Tuesday, February 14, 2012

Unit Testing HTML Parsing, While Keeping AppHarbor and RefactorPro Happy

 

Short Version

“Unit” tests were starting development web server, reading web page responses using HttpWebRequests, loading them into HtmlAgilityPack HtmlDocuments and parsing them.  AppHarbor (it’s American, so no u after o) wouldn’t start the dev web server and RefactorPro parsed a very large test html page because it was part of a VS project, which took up gobs of memory.  The solution was to turn the html pages into txt files, store them as project resources and use HtmlDocument.LoadHtml to keep everything self contained.

Long Version

Yes, my unit tests were actually starting a web server and reading test versions of pages from it.  This breaks the general tenant of unit testing that they shouldn’t go “out of memory”, meaning don’t read from disk, database, network etc.  Everything should be contained within code.

So, it should have been no surprise that AppHarbor wouldn’t start a copy of the development web server for my unit tests to run against.  I knew the time had come to somehow bypass the network and read the HTML files from disk.  Use of the local dev server would be limited to working offline on the GO train.

I was also facing an issue with DevExpress’s RefactorPro.  It likes to parse every HTML file in your Visual Studio projects, just like it parses your code.  Unfortunately, one of the test pages is a list of all 11,000 products at the LCBO, and the LCBO website’s HTML is needlessly complex.  When the HTML page was included in the project it sent Visual Studio’s memory use through the roof.  I like RefactorPro/CodeRush too much to keep it unloaded when working in my LCBO Drink Locator code to disable it, so I kept the HTML page excluded from the project.  It was still on disk, and the dev web server would serve it up when requested anyway.

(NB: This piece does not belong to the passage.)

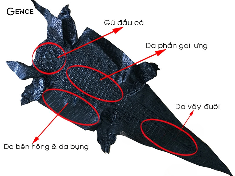 Phân biệt theo đặc tính của bộ phận của da cá sấu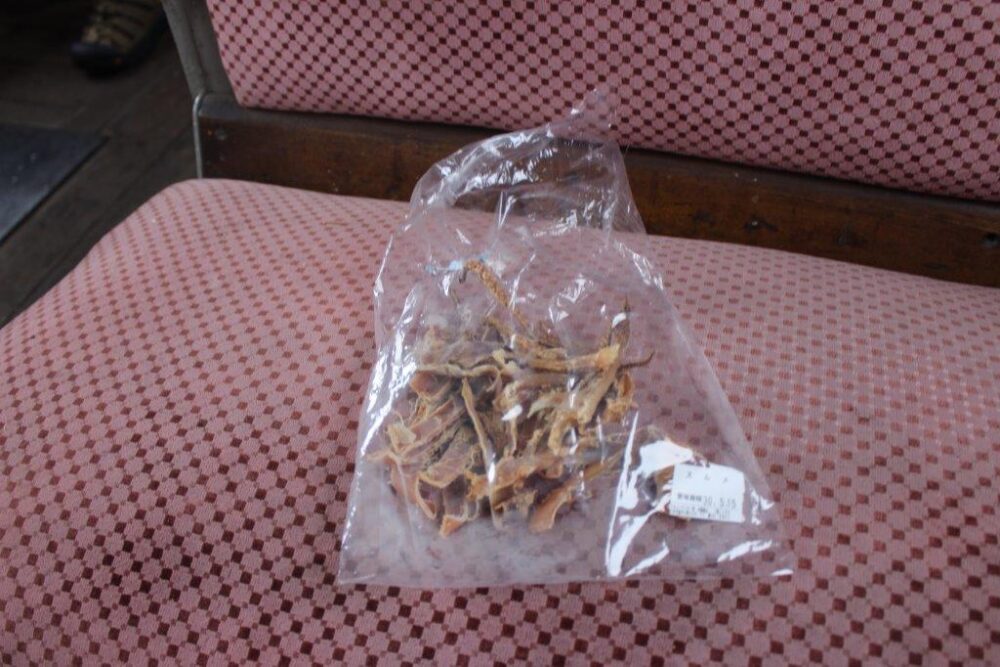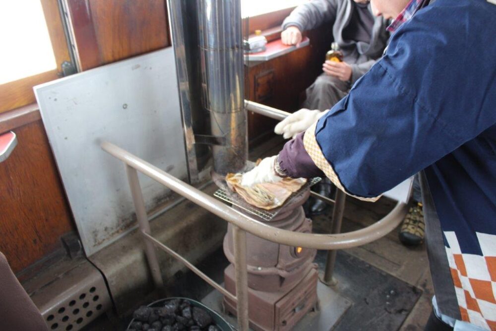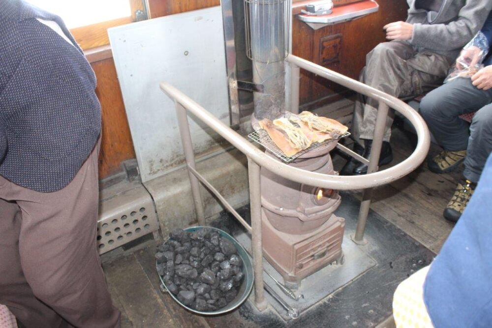何と言ってもストーブで焼く「スルメいか」を食べる事ですね。車内販売で500円(2018年乗車時)です。折角ですから持ち込まず車内で購入をお薦めします。

My first approach to the AppHarbor issue was to attempt loading the existing HTML file from disk.  My assumption was that if my unit test is in some bin\debug or bin\release folder then my HTML file is in ..\..\..\AnotherProject\doc.html.  This is true on my PC, but on AppHarbor’s build server of unknown technology configured with unknown settings, subject to change, it was not so.

The next thing I tried was to add the HTML doc as a project resource to one of the unit tests, and to load it into an HtmlAgilityPack HtmlDocument.  Thank you, StackOverflow for suggesting the approach.  Adding the HTML doc as a resource meant it was part of a project again, sending memory use sky high.  Being a resource, I couldn’t just exclude it and still have it be read from disk.  I could now load the doc from “memory” i.e. not from disk or network, but suffered long waits as RefactorPro parsed the LCBO’s crazy HTML.  (How many nested tables does a page need?)

I noticed HtmlDocument has a method called LoadHtml that accepts a plain string, which gave me an aha moment.  There was no need to make the project resources actual HTML docs; they could exist as txt files.  This meant RefactorPro would ignore them, and I could still load them from memory.  A rename and re-add as resource fixed the issue.

All my unit tests now pass on my PC and when AppHarbor runs them.

image

 

image

Not sure why AppHarbor only sees 51 tests, and not 61, but ok.

FYI, the app is hosted at http://lcbodrinklocator.apphb.com/.  It’s a work in progress, but it’s ability to destroy planets find drinks is fully functional.

image